Mark Solomon joined DC VELOCITY as senior editor in August 2008, and was promoted to his current position on January 1, 2015. He has spent more than 30 years in the transportation, logistics and supply chain management fields as a journalist and public relations professional. From 1989 to 1994, he worked in Washington as a reporter for the Journal of Commerce, covering the aviation and trucking industries, the Department of Transportation, Congress and the U.S. Supreme Court. Prior to that, he worked for Traffic World for seven years in a similar role. From 1994 to 2008, Mr. Solomon ran Media-Based Solutions, a public relations firm based in Atlanta. He graduated in 1978 with a B.A. in journalism from The American University in Washington, D.C.
Truckload and logistics giant Schneider National Inc. said it has revamped its U.S.-Mexico intermodal
service to shave a day from transit times on the high-potential but still-underutilized corridor.
The restructured offering, which began earlier this month, replaces Burlington Northern Santa Fe Railway with Canadian
National Inc. (CN) on the critical node linking the U.S. southern tier with Chicago and points beyond, according to Jim
Filter, Schneider's senior vice president, intermodal sales and marketing.
On a northbound move under the old service, Kansas City Southern (KCS) Railway would transport Schneider containers
from Mexico to Rosenberg, Texas, outside of Houston. From there, the equipment would be placed on a truck and drayed to
BNSF's intermodal ramp in Pearland, Texas, about 40 miles away. Then BNSF would haul the goods to Chicago for distribution.
Under the new service, KCS links with CN at the Canadian railroad's node in Jackson, Miss. There, CN carries the freight to
Chicago for distribution, according to Filter.
The rail-to-rail link eliminates the time required for off-loading the cargo to a truck for the trip between the KCS
and BNSF terminals, Filter told DC Velocity yesterday at the joint annual conference of the National Industrial
Transportation League (NITL), the Intermodal Association of North America, and the Transportation Intermediaries Association
in Houston.
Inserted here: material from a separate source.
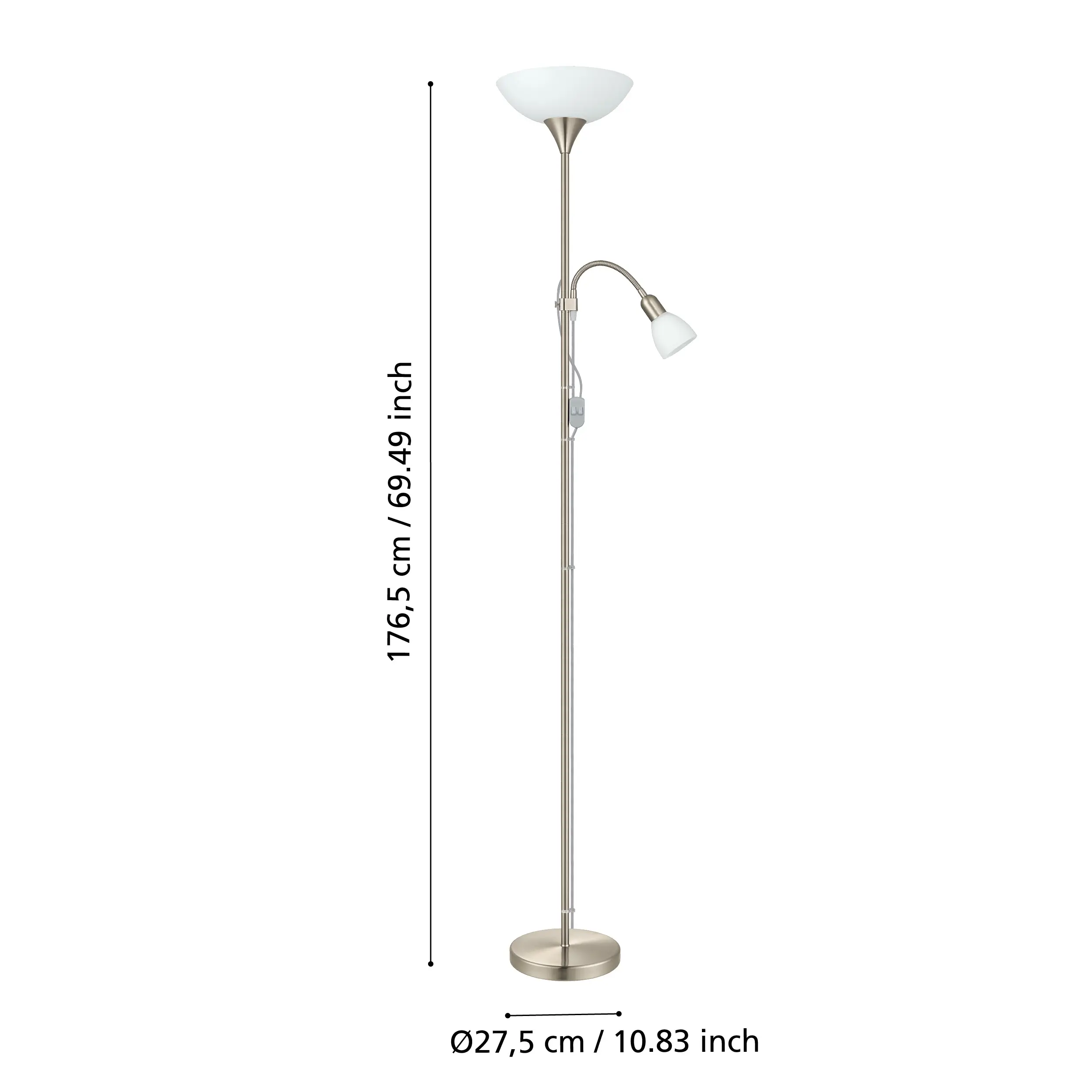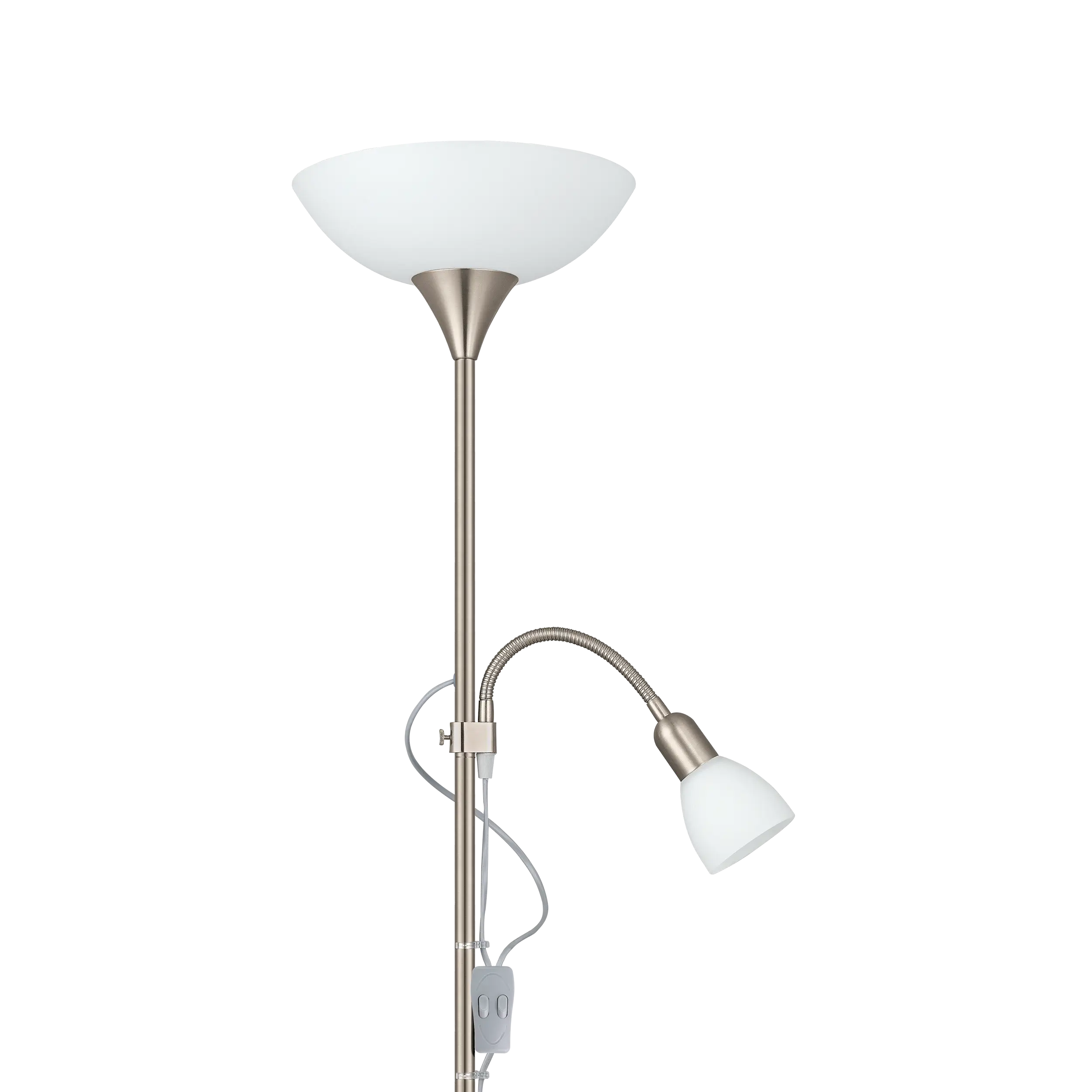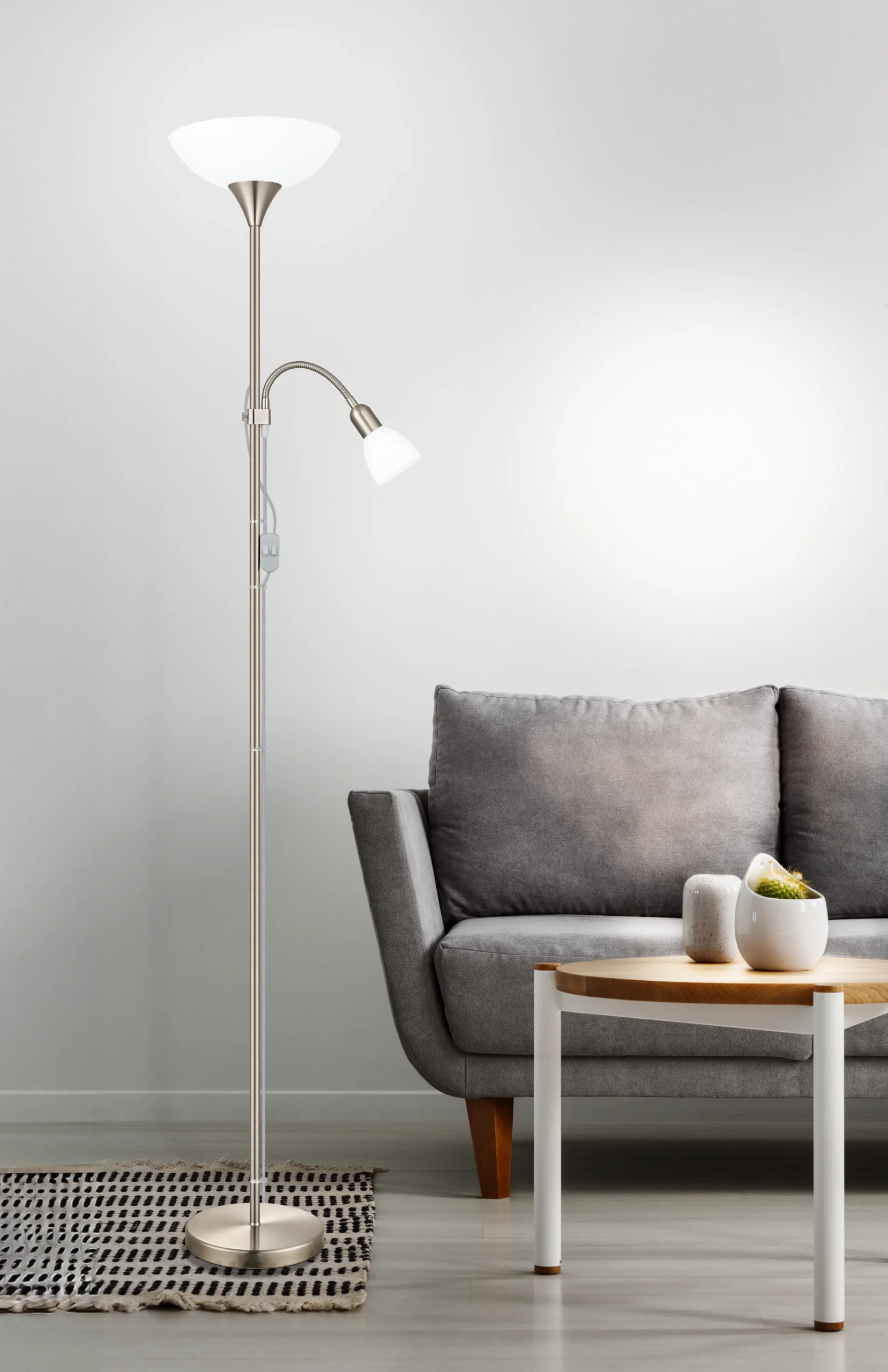 Dual Light Functionality: Features an uplighter with an E27 socket and a flexible reading light with an E14 socket, allowing for versatile lighting options.

The link also reduces the scheduling variability that often comes with depending on a dray to deliver goods between
rail points, he said.
The service is being used for intermodal loads moving in both directions, Filter said.
THE GROWING INTERMODAL ADVANTAGE
Schneider, based in Green Bay, Wis., has served the U.S.-Mexico intermodal market for years. The newly
revamped service is an effort to tap into intermodal's value in one of the world's fastest-growing trade lanes.
Intermodal containers travel in-bond and clear customs at the destination rail ramp. As a result, intermodal users
bypass the massive truck congestion at border crossings. Shipping by intermodal also avoids the time-consuming scenario
of handing off trailers to different drivers at the border.
In addition, intermodal theft is virtually nonexistent because the doors of the lower-container on a double-stack
train cannot be opened while in the well car and the upper container is more than 15 feet off the ground.
Still, only 5 percent of cross-border truck service that could be converted has actually shifted, Filter said. Intermodal
"should be growing much faster than it is," he said.
Intermodal accounts for about 30 percent of privately held Schneider's $3.5 billion in annual revenue. It has become an
increasingly larger component of Schneider's overall product mix, Filter said.
A good chunk of intermodal's growth is coming from traffic that once moved over the highway but has now been converted to rail.
About one-quarter of Schneider's new intermodal business from shippers involves an over-the-road conversion, according to Filter.
The modal shift has intensified in the past two or three years as shippers and trucking companies themselves confront a range
of issues from highway congestion to a shortage of qualified drivers to escalating fuel, labor, and truck equipment costs. Those
elements have only amplified intermodal's traditional cost, fuel, and environmental advantages.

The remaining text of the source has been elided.